Jan. 3, 2016; Kansas City, MO; Chiefs coach Andy Reid during the season finale against the Oakland Raiders at Arrowhead Stadium. (Emily DeShazer/The Topeka Capital-Journal)

Jan. 3, 2016; Kansas City, MO; Chiefs coach Andy Reid during the season finale against the Oakland Raiders at Arrowhead Stadium. (Emily DeShazer/The Topeka Capital-Journal)

“He was my guy,” Reid said, as he at times battled his emotions in talking about his late mentor. “So, I’m probably one of 10,000 guys that are saying that right now. That’s what made him unique. That was the thing that made him such a great person.”

Reid played offensive line at BYU for Edwards during the 1979-81 seasons. As his college career winded down, Edwards approached young Reid about going into coaching. It wasn’t a path Reid considered until then.

“He goes, ‘Well you should give it a try,'” Reid remembered. “‘Give it a try and then I’ll keep you on and pay for the extra school if you decide to go a different direction, we’ll do that.’ I got in, I got the bug, and now, here I am.”

Edwards and Reid kept in touch through the years, talking on the phone on a weekly basis.

“I knew when he was on vacation because then I wouldn’t get a call,” Reid said. “But other than that I got a phone call.”
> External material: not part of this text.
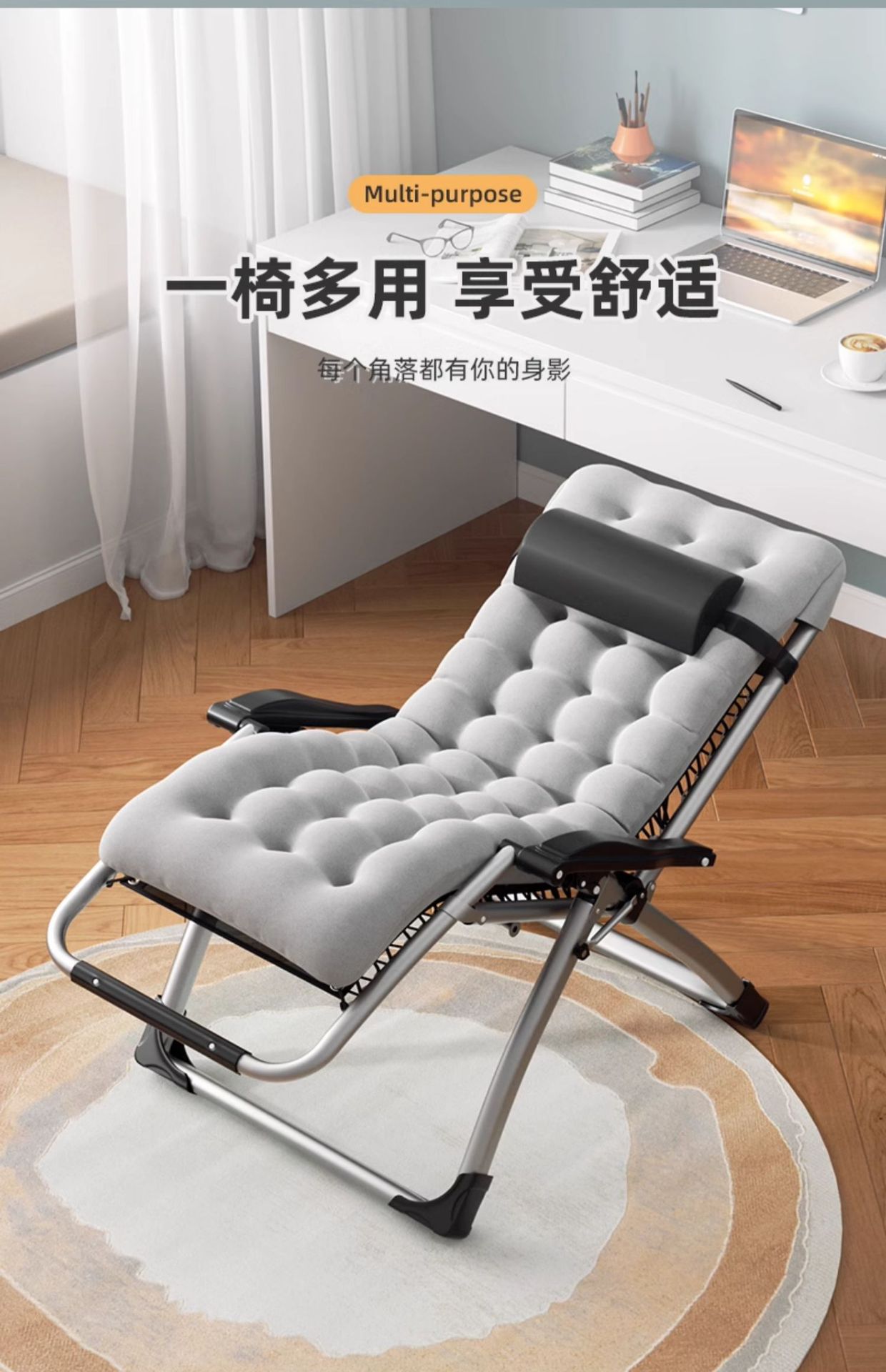 躺椅折曡金屬兩用辦公室午睡床家用陽台休閒懶人可坐可躺睡靠座椅

Chiefs safety Daniel Sorensen played at BYU and had the opportunity to meet Edwards. He says Edwards legacy means much to BYU community and the coaches and players who followed him.

“He was an important figure,” Sorensen said. “Pretty progressive for what he was able to do with the West Coast offense and different things like that. I never really knew him all that well. His legacy obviously speaks for itself at BYU.”

Reid praised his mentor not for his skills as a football coach — although Edwards won a national championship in 1984. Instead, Reid said the relationships he built with people mark his legacy.

“He was a people person,” Reid said. “You put the X’s and O’s, you put all that aside – he was good at that too – but you put all that aside, the way he handled people, I thought was just unbelievable.”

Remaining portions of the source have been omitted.